Patenting Panela, Zoom Trials, Feds Defend IPR
News links for the week of Jan. 25
|Joe Mullin||Jan 30|
In my Tuesday newsletter this week, I started going through January NPE lawsuits. I’ll finish up the January cases in forthcoming letters, and will also mix in some in-depth coverage. If you’re enjoying the newsletter, please subscribe and share.
Here’s the patent news I found most interesting this week.
One of the owners of a big Colombian sugar company is trying to patent panela, a traditional unrefined sweetener that’s hundreds of years old. Colombian lawyers “would like to know how an ancestral process so richly documented in Colombia could have escaped the attention of the U.S. Patent and Trademark Office,” the NYT reports. “Not only do colonial-era records describe it in minute detail but technical universities all over the country also produce literature on panela.”
The chief concern is U.S. Patent No. 10,632,167, granted last year. A Letters Patent reader pointed out to me that the inventor, Jorge Gonzalez, has been getting sugar-processing patents for awhile. See, for instance, U.S. Patent No. 6,245,153, with an application dating to 1999. (The New York Times)
The first remote patent trial is taking place in a Seattle federal court, over Zoom.
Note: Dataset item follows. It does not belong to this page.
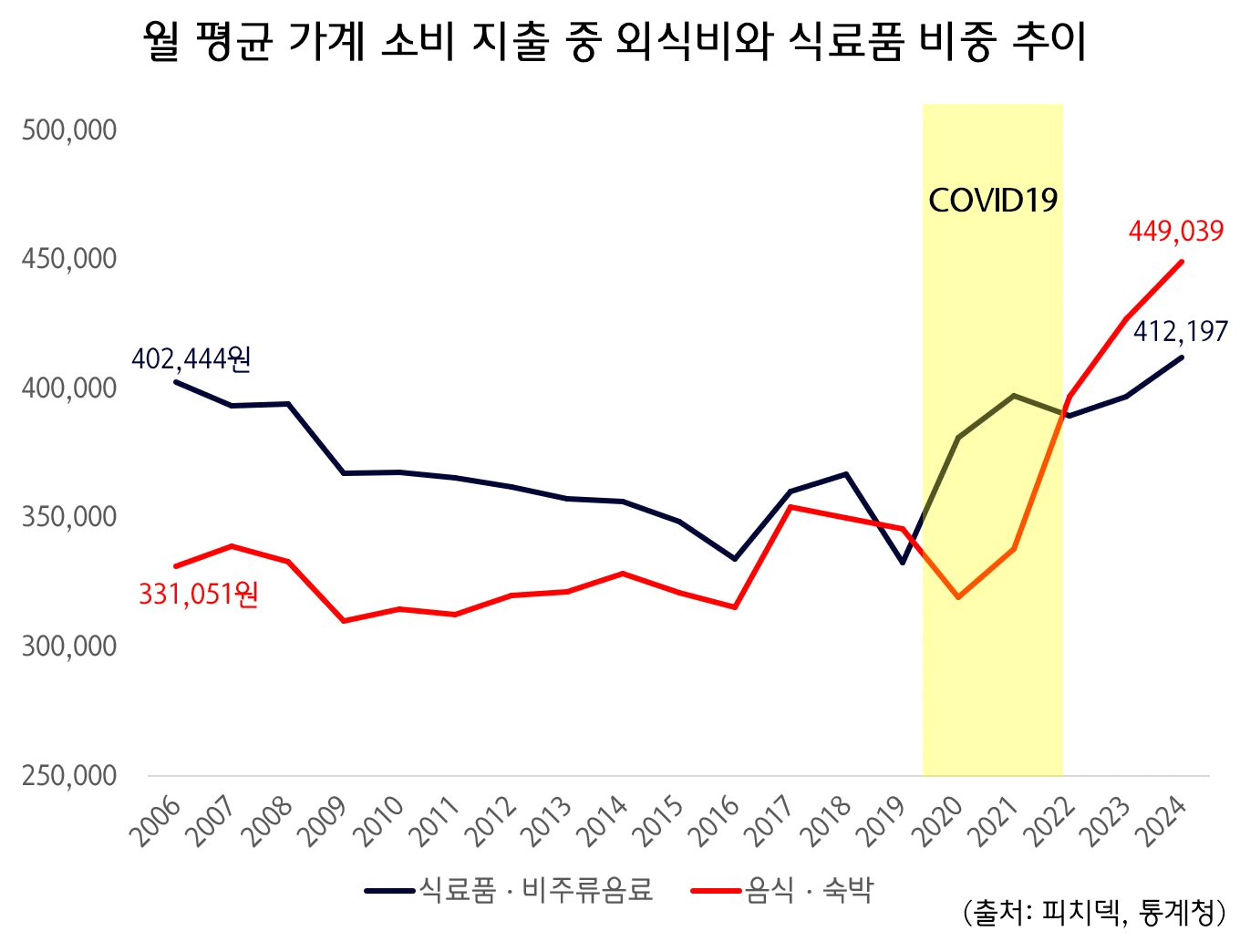 햄버거 시장 성장의 구조적 배경에는 '1인 가구의 폭발적 증가'가 있다. 통계청에 따르면 1인 가구는 2015년 520만 가구에서 2023년 약 782만 가구로 50%나 급증했다. 반면 4인 이상 가구는 23% 감소했다. 혼자서 간편하게 식사를 해결하려는 1인 가구의 증가는 햄버거 수요의 강력한 지지 기반이 되고 있다. 여기에 월 평균 가계 소비 지출 중 외식비와 식료품 비중이 코로나 시기에 역전 되었다.

Scuf Gaming, a 350-employee Atlanta-based company, says Steam controllers made by video gaming giant Valve infringe its patent, No. 8,641,525. The co-founder of Scuf testified Tuesday that $10 per device for 1.6 million devices would be a fair royalty. Valve says they don’t infringe, and the jurors will see that clearly once they have the accused controllers in their hands. They’ll be shipped via UPS.
Zoom trials make sense to me during this pandemic era, but it’s disappointing that the public access is audio-only. If the 9th Circuit can do live video, district courts should be able to manage it too. (Scott Graham / Law.com)
The U.S. government wants to maintain the review system for granted patents, which is a good thing. Government lawyers have filed their brief explaining to the Supreme Court why they shouldn’t throw out the inter partes review (IPR) system that was created by the 2011 America Invents Act.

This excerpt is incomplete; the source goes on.